I started to see people fleeing around 6pm. I formed a group of about ten people with my neighbors and we left for Saké around 10 pm [23km to the west of Goma].

We stopped half way through and slept outside. It was a scene of total panic, people carried their belongings and left with their children. And suddenly it started to rain, which made the whole situation even more difficult.

#RDC #Goma #EruptionVolcanique #Nyiragongo

Les familles passent nuit à la belle étoile. Homme, wife and children dormitory near the arteries of the Goma by the bonne information.

– Dido Kayembe (@DidoKayembe) May 23, 2021 This Tweet reads: “Families spend the night outside. Men, women and children sleep on the ground on Goma roads with no useful information. They are awaiting evacuation through the Goma Volcanic Observatory.”
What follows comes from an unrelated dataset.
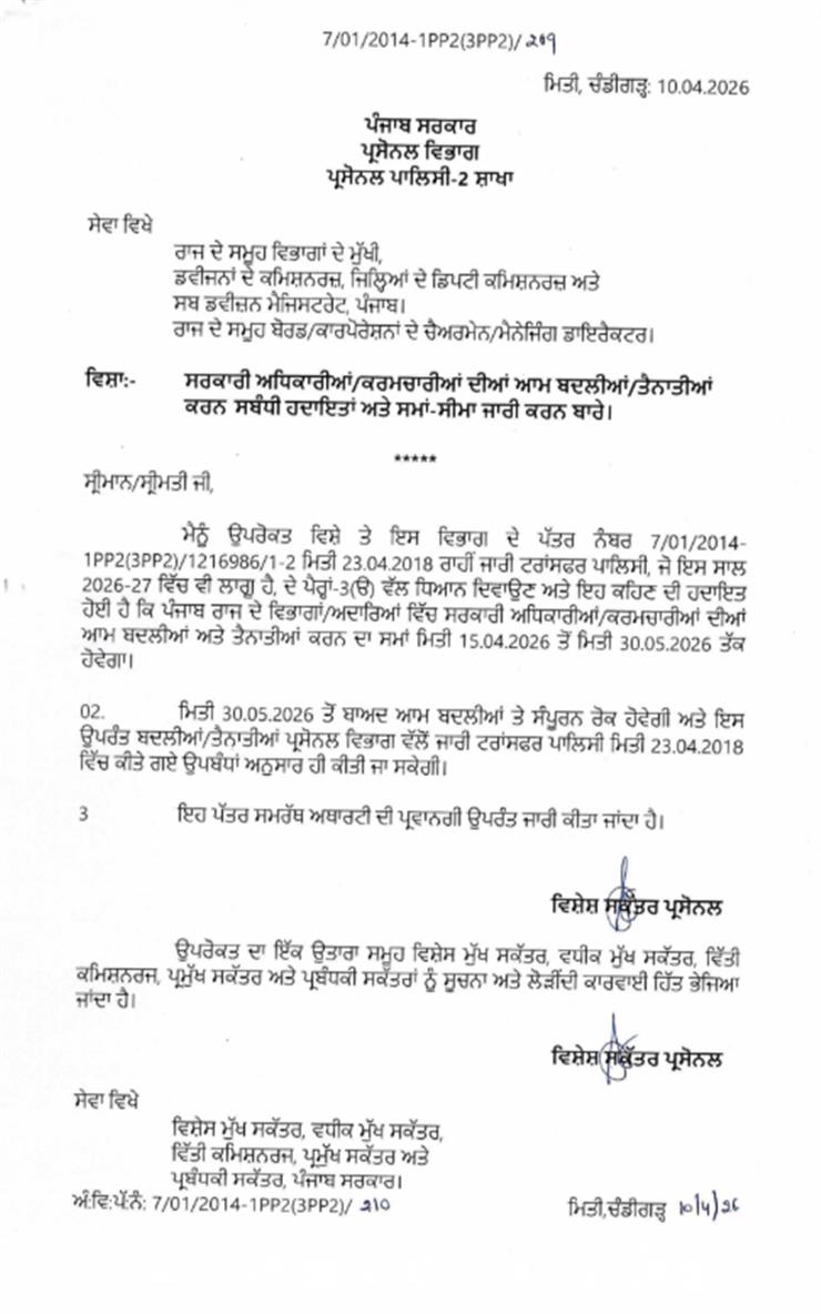 ਪ੍ਰਸੋਨਲ ਵਿਭਾਗ ਵੱਲੋਂ ਜਾਰੀ ਪੱਤਰ ਅਨੁਸਾਰ, ਪੰਜਾਬ ਦੇ ਵੱਖ-ਵੱਖ ਵਿਭਾਗਾਂ ਅਤੇ ਅਦਾਰਿਆਂ ਵਿੱਚ ਕੰਮ ਕਰਦੇ ਕਰਮਚਾਰੀਆਂ ਦੀਆਂ ਆਮ ਬਦਲੀਆਂ 15 ਅਪ੍ਰੈਲ 2026 ਤੋਂ 30 ਮਈ 2026 ਤੱਕ ਕੀਤੀਆਂ ਜਾ ਸਕਣਗੀਆਂ।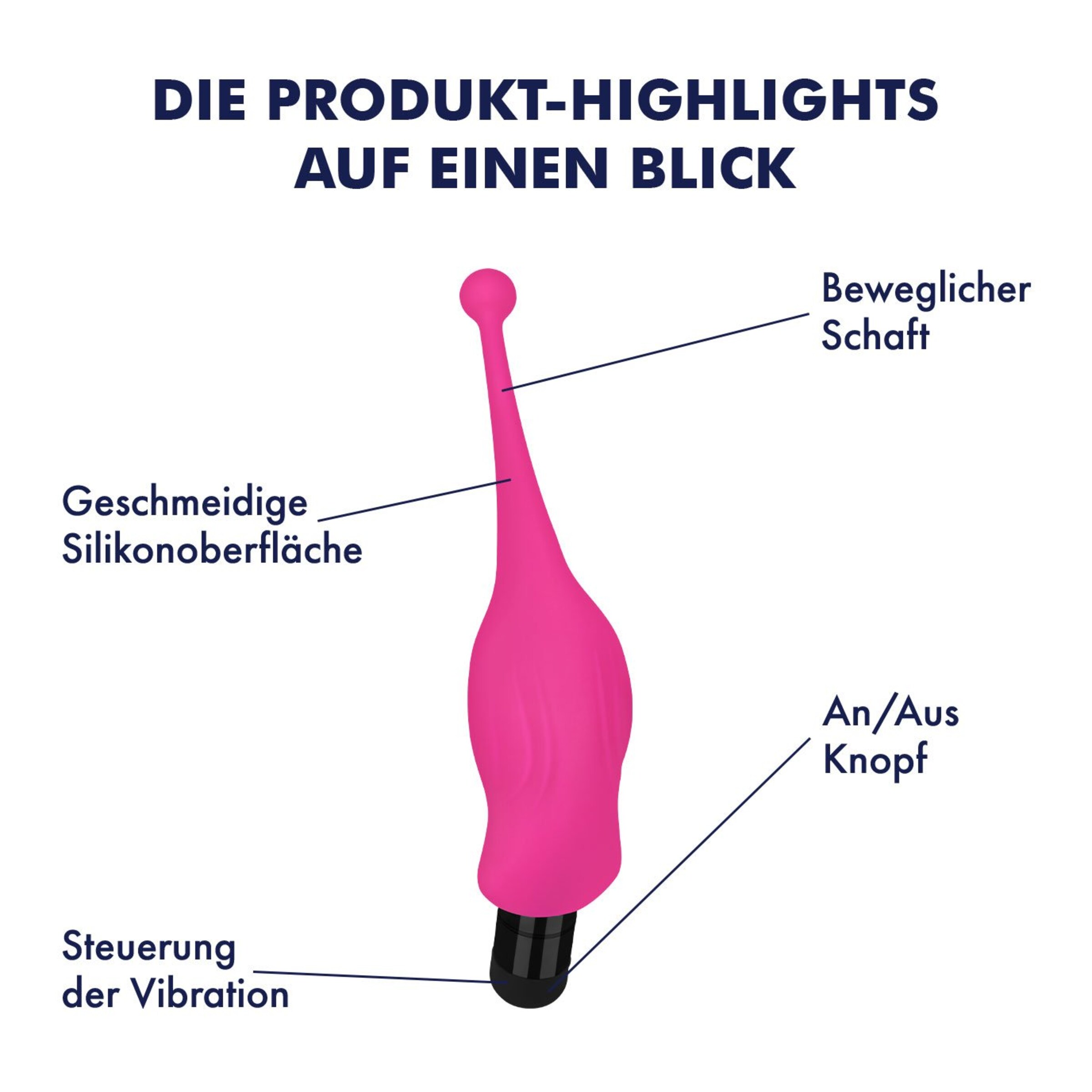Lasse Dich von der intensiven Vibration bis in den puren Wahnsinn treiben. Besonders vielseitig ist der erotische Lustbringer aufgrund seiner Biegsamkeit. Damit hast Du in allen Stellungen maximalen Spaß und kannst Deine leidenschaftliche Seite zum Vorschein bringen! Die Klitoris ist eine der erogensten Zonen einer Frau. Stimuliere Deine Liebesperle ganz einfach mit diesem Auflegevibrator und genieße die Wellen der Lust, die Dich überkommen. Dank seiner edlen, glatten Beschaffenheit wirkt der geschwungene Freudenspender besonders verheißungsvoll und betörend. Hocherotische Massagen werden mit der runden Spitze möglich. Besondere Sinnesreize verschafft Dir die angenehm glatte Struktur, die Dich an gewissen Stellen schon nach wenigen Momenten auf den nächsten Höhenflug schickt.

Early Sunday morning I returned home to find that my neighborhood was spared destruction, but completely deserted. Just two miles away, several houses were inundated with lava.

The still-smoking lava from Mount Nyiragongo, near Goma, May 23, 2021.

. © Messager Takehya Nzanzu

We soon realized that a long battle was just beginning: power pylons had been dragged along by the lava, so there is almost no electricity, drinking water is hard to find, the main road has been destroyed and many people have lost their homes.

For example, there is no electricity at my house. Fortunately, a neighbor has a solar panel and I was able to charge my phone at his home. On the street you meet a lot of people with their stuff. Fortunately, I have noticed that there has been a real wave of solidarity, and most of the people affected by this have found people to keep up in Goma.

Seismic shocks have been constant since the eruption. I am okay, my house is made of wood so it will not collapse [Editor’s note: wooden buildings absorb seismic tremors better because wood is a more flexible material than concrete]. But people who live in houses made of durable materials such as concrete, especially in the city center, live in constant fear that their home will crumble around them. Some people prefer to sleep outside without shelter.

Consequences of the eruption of Mount Nyiragongo in Goma, May 25, 2021.

. © Messager Takehya Nzanzu

With most of Goma under new evacuation orders, it is unclear when the city’s residents will return. But according to messager Takehya Nzanzu, residents of Goma will report to the authorities once they can safely return to their homes.

When this period of panic is over, I think there will be anger towards the Goma Volcanic Observatory, which failed in its mission and put the population at risk. People are already talking about it and asking questions.